Les héritages du passé ne sont plus considérés comme inscrits dans la permanence de la loi, la continuité des institutions culturelles ou l’inaliénabilité des collections muséales. Les restitutions d’œuvres spoliées pendant les guerres ou la colonisation, la contestation des statues publiques célébrant des valeurs problématiques, les revendications pour la qualification patrimoniale d’objets ou de cultures sont autant d’indices d’un changement de paradigme historique de plus en plus discuté, en rupture avec l’hégémonie de la matrice héritée des Lumières et de la Révolution française, entre condamnation du vandalisme et invention du musée comme lieu de la protection infinie et d’une prétendue neutralisation. Le patrimoine n’est plus l’apanage exclusif des professionnels auxquels la société en a longtemps délégué les charges de conservation technique, de constitution d’un savoir scientifique et de médiation sociale. Les citoyen.nes en sont aussi les co-constructeurs et les cogestionnaires, qui s’en sont approprié la cause avec émotion, en n’étant plus seulement les récipiendaires ou les usagers de politiques descendantes.
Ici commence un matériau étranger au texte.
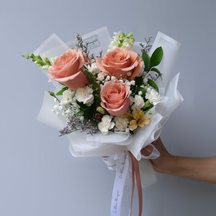 - Fresh flowers arrangement: 3 RP Moab Rose from Ecuador, Babysbreath, Carnation White, Snapdragon, Alstromeria, caspea, foliage
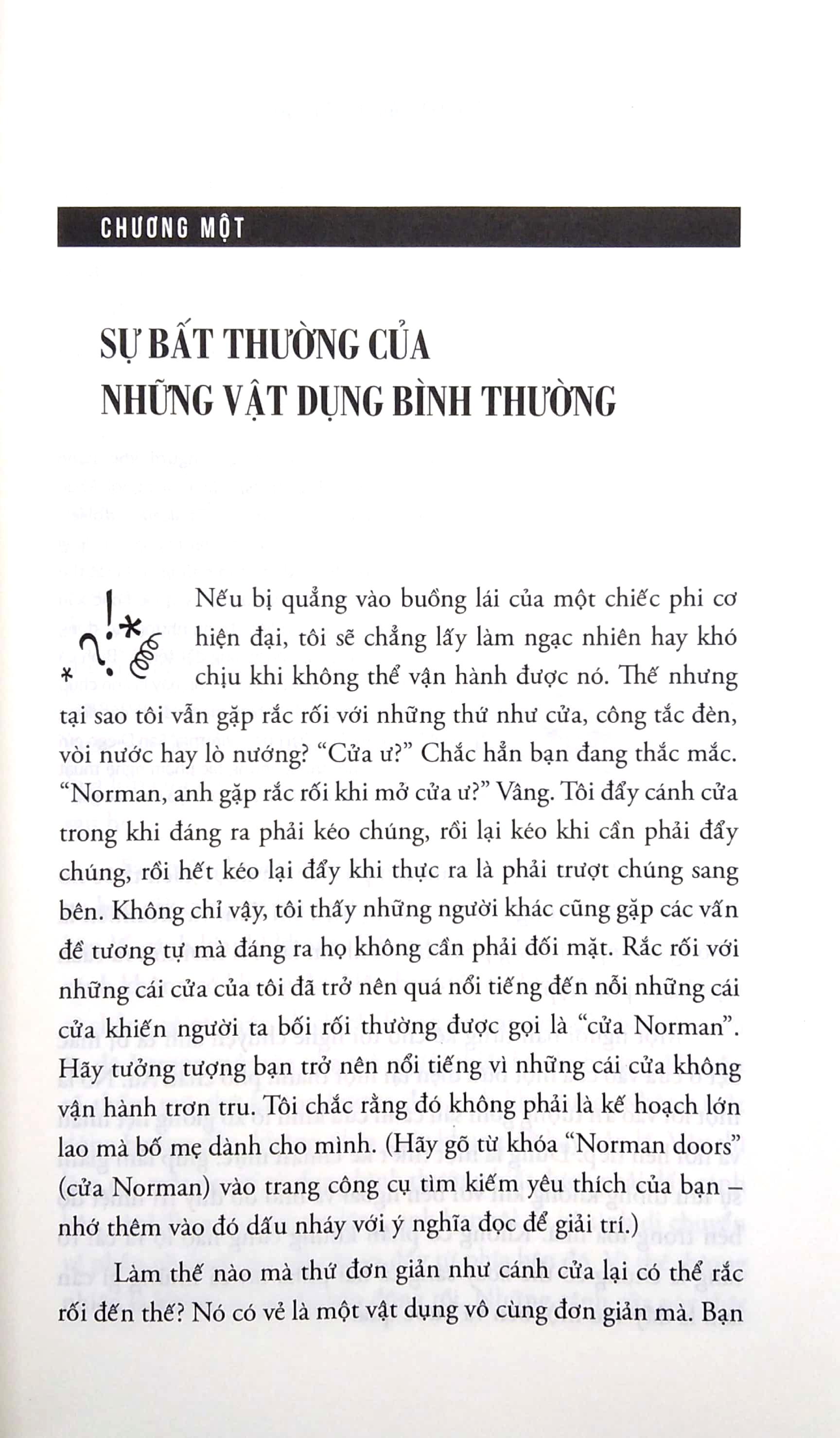Cuốn sách giúp độc giả trở thành các nhà quan sát sắc sảo trước những thiết kế kém cỏi và ngớ ngẩn đang gây ra rắc rối cho cuộc sống của con người, đặc biệt là những sản phẩm liên quan tới công nghệ hiện đại. Don Norman sẽ khiến bạn phải gật gù tâm đắc khi phân tích thiết kế của các vật dụng thường ngày, từ bồn rửa tay, cánh cửa, ghế ngồi cho tới điện thoại hay giao diện phần mềm. Không chỉ vậy, Norman còn chỉ ra các nguyên tắc dựa trên tâm lý học nhận thức để thiết kế mọi thứ đúng đắn, khoa học. Bộ đôi này đã trở thành công cụ đầy sức mạnh để khiến cuộc sống của chúng ta trở nên thú vị, thoải mái và nhiều niềm vui hơn.

D’autant qu’ils assument d’en être les connaisseurs et les acteurs, conscients de leur attachement non seulement à des monuments, des sites, des artefacts ou des chefs-d’œuvre, mais aussi à des pratiques, des savoirs, des savoir-faire et des croyances relevant d’un patrimoine culturel immatériel susceptible d’intéresser une communauté, si ce n’est l’humanité.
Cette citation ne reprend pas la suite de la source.